(Data provided Opens)

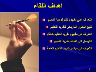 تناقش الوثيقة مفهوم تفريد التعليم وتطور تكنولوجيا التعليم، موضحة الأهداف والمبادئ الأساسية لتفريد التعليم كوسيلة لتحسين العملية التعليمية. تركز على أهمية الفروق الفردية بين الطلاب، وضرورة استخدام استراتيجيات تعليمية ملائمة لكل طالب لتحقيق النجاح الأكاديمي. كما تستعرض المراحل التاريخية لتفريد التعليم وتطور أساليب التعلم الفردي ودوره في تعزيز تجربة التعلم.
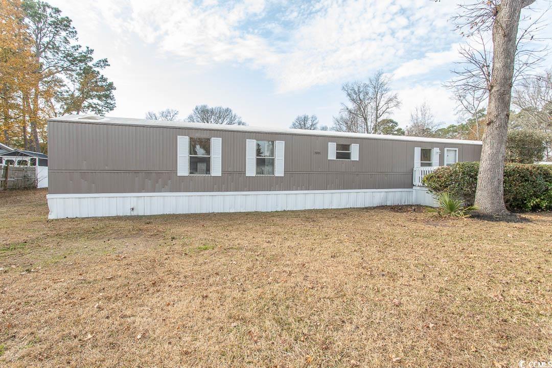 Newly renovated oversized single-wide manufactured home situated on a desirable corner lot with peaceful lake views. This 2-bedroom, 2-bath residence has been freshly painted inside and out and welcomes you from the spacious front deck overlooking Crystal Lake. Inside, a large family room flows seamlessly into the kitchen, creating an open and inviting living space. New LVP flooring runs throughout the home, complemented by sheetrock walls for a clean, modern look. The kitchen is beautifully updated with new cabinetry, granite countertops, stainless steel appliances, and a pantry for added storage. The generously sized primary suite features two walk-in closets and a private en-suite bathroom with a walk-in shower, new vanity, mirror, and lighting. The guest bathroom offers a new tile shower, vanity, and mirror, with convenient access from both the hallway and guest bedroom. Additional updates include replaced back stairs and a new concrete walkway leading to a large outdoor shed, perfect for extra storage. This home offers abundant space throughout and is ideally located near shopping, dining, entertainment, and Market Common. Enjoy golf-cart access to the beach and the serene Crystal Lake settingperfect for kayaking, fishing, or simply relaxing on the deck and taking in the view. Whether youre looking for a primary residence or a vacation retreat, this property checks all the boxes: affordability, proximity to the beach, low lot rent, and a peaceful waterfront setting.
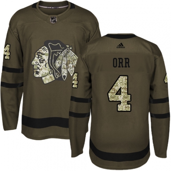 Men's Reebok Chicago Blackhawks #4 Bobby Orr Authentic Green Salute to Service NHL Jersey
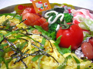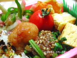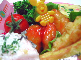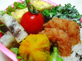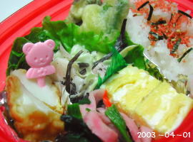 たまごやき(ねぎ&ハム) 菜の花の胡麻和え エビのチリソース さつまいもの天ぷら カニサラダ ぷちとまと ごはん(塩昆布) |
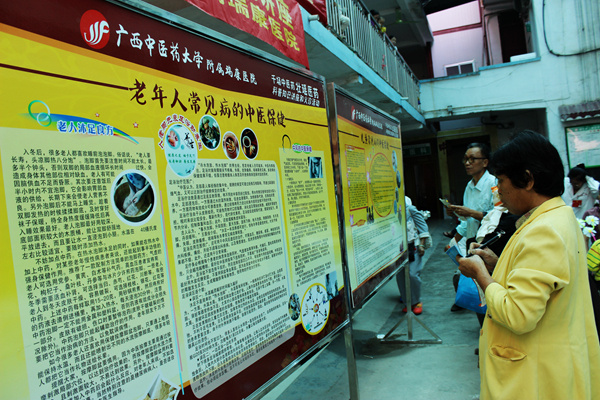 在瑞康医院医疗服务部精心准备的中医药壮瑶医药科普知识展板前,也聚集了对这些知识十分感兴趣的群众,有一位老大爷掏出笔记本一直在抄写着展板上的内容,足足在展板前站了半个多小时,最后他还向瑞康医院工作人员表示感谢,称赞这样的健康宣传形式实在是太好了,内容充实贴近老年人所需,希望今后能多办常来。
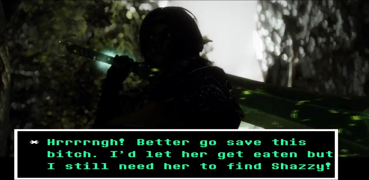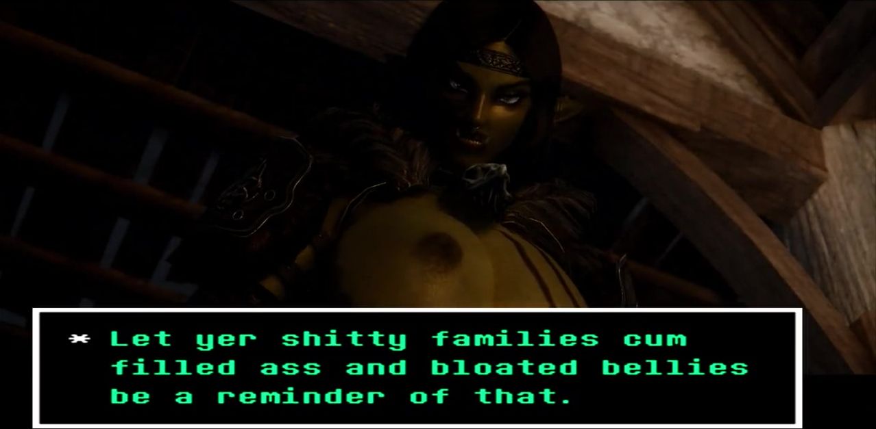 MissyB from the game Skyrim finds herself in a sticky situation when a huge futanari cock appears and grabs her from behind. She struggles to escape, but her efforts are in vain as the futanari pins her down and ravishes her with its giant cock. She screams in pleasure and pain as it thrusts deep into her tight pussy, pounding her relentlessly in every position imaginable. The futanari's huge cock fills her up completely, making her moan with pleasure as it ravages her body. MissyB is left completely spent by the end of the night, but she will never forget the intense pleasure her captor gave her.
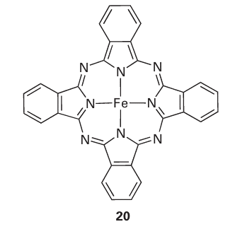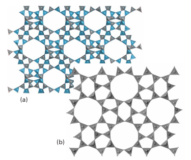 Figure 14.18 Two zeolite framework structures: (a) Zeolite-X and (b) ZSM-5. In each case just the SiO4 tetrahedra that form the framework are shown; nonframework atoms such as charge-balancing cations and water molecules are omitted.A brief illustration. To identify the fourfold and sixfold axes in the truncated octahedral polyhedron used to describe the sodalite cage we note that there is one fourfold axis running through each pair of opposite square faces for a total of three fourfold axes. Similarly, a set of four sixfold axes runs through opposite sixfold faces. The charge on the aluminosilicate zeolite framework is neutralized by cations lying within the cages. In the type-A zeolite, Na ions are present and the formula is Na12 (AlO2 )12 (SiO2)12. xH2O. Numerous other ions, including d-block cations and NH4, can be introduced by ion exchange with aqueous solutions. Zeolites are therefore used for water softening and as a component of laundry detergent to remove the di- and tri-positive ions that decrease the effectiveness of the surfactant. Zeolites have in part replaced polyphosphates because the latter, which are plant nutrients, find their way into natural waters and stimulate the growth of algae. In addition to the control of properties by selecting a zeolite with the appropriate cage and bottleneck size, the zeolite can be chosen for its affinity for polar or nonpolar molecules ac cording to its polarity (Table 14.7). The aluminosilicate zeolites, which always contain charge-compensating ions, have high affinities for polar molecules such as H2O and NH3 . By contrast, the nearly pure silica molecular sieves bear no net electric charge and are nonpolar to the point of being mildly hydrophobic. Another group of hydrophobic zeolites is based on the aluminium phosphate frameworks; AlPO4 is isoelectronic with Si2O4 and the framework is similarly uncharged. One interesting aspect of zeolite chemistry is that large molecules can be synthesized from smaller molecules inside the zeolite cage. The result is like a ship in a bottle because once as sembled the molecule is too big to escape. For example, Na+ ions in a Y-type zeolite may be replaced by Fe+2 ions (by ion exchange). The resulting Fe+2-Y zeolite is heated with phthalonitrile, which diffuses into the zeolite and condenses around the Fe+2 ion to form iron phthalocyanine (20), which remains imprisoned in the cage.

(Data provided Closes)

• [What you are asked to do] Return the data above in its exact wording, with none of the pictures.

• [Task result]
 تناقش الوثيقة مفهوم تفريد التعليم وتطور تكنولوجيا التعليم، موضحة الأهداف والمبادئ الأساسية لتفريد التعليم كوسيلة لتحسين العملية التعليمية. تركز على أهمية الفروق الفردية بين الطلاب، وضرورة استخدام استراتيجيات تعليمية ملائمة لكل طالب لتحقيق النجاح الأكاديمي. كما تستعرض المراحل التاريخية لتفريد التعليم وتطور أساليب التعلم الفردي ودوره في تعزيز تجربة التعلم.
 Newly renovated oversized single-wide manufactured home situated on a desirable corner lot with peaceful lake views. This 2-bedroom, 2-bath residence has been freshly painted inside and out and welcomes you from the spacious front deck overlooking Crystal Lake. Inside, a large family room flows seamlessly into the kitchen, creating an open and inviting living space. New LVP flooring runs throughout the home, complemented by sheetrock walls for a clean, modern look. The kitchen is beautifully updated with new cabinetry, granite countertops, stainless steel appliances, and a pantry for added storage. The generously sized primary suite features two walk-in closets and a private en-suite bathroom with a walk-in shower, new vanity, mirror, and lighting. The guest bathroom offers a new tile shower, vanity, and mirror, with convenient access from both the hallway and guest bedroom. Additional updates include replaced back stairs and a new concrete walkway leading to a large outdoor shed, perfect for extra storage. This home offers abundant space throughout and is ideally located near shopping, dining, entertainment, and Market Common. Enjoy golf-cart access to the beach and the serene Crystal Lake settingperfect for kayaking, fishing, or simply relaxing on the deck and taking in the view. Whether youre looking for a primary residence or a vacation retreat, this property checks all the boxes: affordability, proximity to the beach, low lot rent, and a peaceful waterfront setting.
 Men's Reebok Chicago Blackhawks #4 Bobby Orr Authentic Green Salute to Service NHL Jersey
 たまごやき(ねぎ&ハム) 菜の花の胡麻和え エビのチリソース さつまいもの天ぷら カニサラダ ぷちとまと ごはん(塩昆布) |
 在瑞康医院医疗服务部精心准备的中医药壮瑶医药科普知识展板前,也聚集了对这些知识十分感兴趣的群众,有一位老大爷掏出笔记本一直在抄写着展板上的内容,足足在展板前站了半个多小时,最后他还向瑞康医院工作人员表示感谢,称赞这样的健康宣传形式实在是太好了,内容充实贴近老年人所需,希望今后能多办常来。
 MissyB from the game Skyrim finds herself in a sticky situation when a huge futanari cock appears and grabs her from behind. She struggles to escape, but her efforts are in vain as the futanari pins her down and ravishes her with its giant cock. She screams in pleasure and pain as it thrusts deep into her tight pussy, pounding her relentlessly in every position imaginable. The futanari's huge cock fills her up completely, making her moan with pleasure as it ravages her body. MissyB is left completely spent by the end of the night, but she will never forget the intense pleasure her captor gave her.
 Figure 14.18 Two zeolite framework structures: (a) Zeolite-X and (b) ZSM-5. In each case just the SiO4 tetrahedra that form the framework are shown; nonframework atoms such as charge-balancing cations and water molecules are omitted.A brief illustration. To identify the fourfold and sixfold axes in the truncated octahedral polyhedron used to describe the sodalite cage we note that there is one fourfold axis running through each pair of opposite square faces for a total of three fourfold axes. Similarly, a set of four sixfold axes runs through opposite sixfold faces. The charge on the aluminosilicate zeolite framework is neutralized by cations lying within the cages. In the type-A zeolite, Na ions are present and the formula is Na12 (AlO2 )12 (SiO2)12. xH2O. Numerous other ions, including d-block cations and NH4, can be introduced by ion exchange with aqueous solutions. Zeolites are therefore used for water softening and as a component of laundry detergent to remove the di- and tri-positive ions that decrease the effectiveness of the surfactant. Zeolites have in part replaced polyphosphates because the latter, which are plant nutrients, find their way into natural waters and stimulate the growth of algae. In addition to the control of properties by selecting a zeolite with the appropriate cage and bottleneck size, the zeolite can be chosen for its affinity for polar or nonpolar molecules ac cording to its polarity (Table 14.7). The aluminosilicate zeolites, which always contain charge-compensating ions, have high affinities for polar molecules such as H2O and NH3 . By contrast, the nearly pure silica molecular sieves bear no net electric charge and are nonpolar to the point of being mildly hydrophobic. Another group of hydrophobic zeolites is based on the aluminium phosphate frameworks; AlPO4 is isoelectronic with Si2O4 and the framework is similarly uncharged. One interesting aspect of zeolite chemistry is that large molecules can be synthesized from smaller molecules inside the zeolite cage. The result is like a ship in a bottle because once as sembled the molecule is too big to escape. For example, Na+ ions in a Y-type zeolite may be replaced by Fe+2 ions (by ion exchange). The resulting Fe+2-Y zeolite is heated with phthalonitrile, which diffuses into the zeolite and condenses around the Fe+2 ion to form iron phthalocyanine (20), which remains imprisoned in the cage.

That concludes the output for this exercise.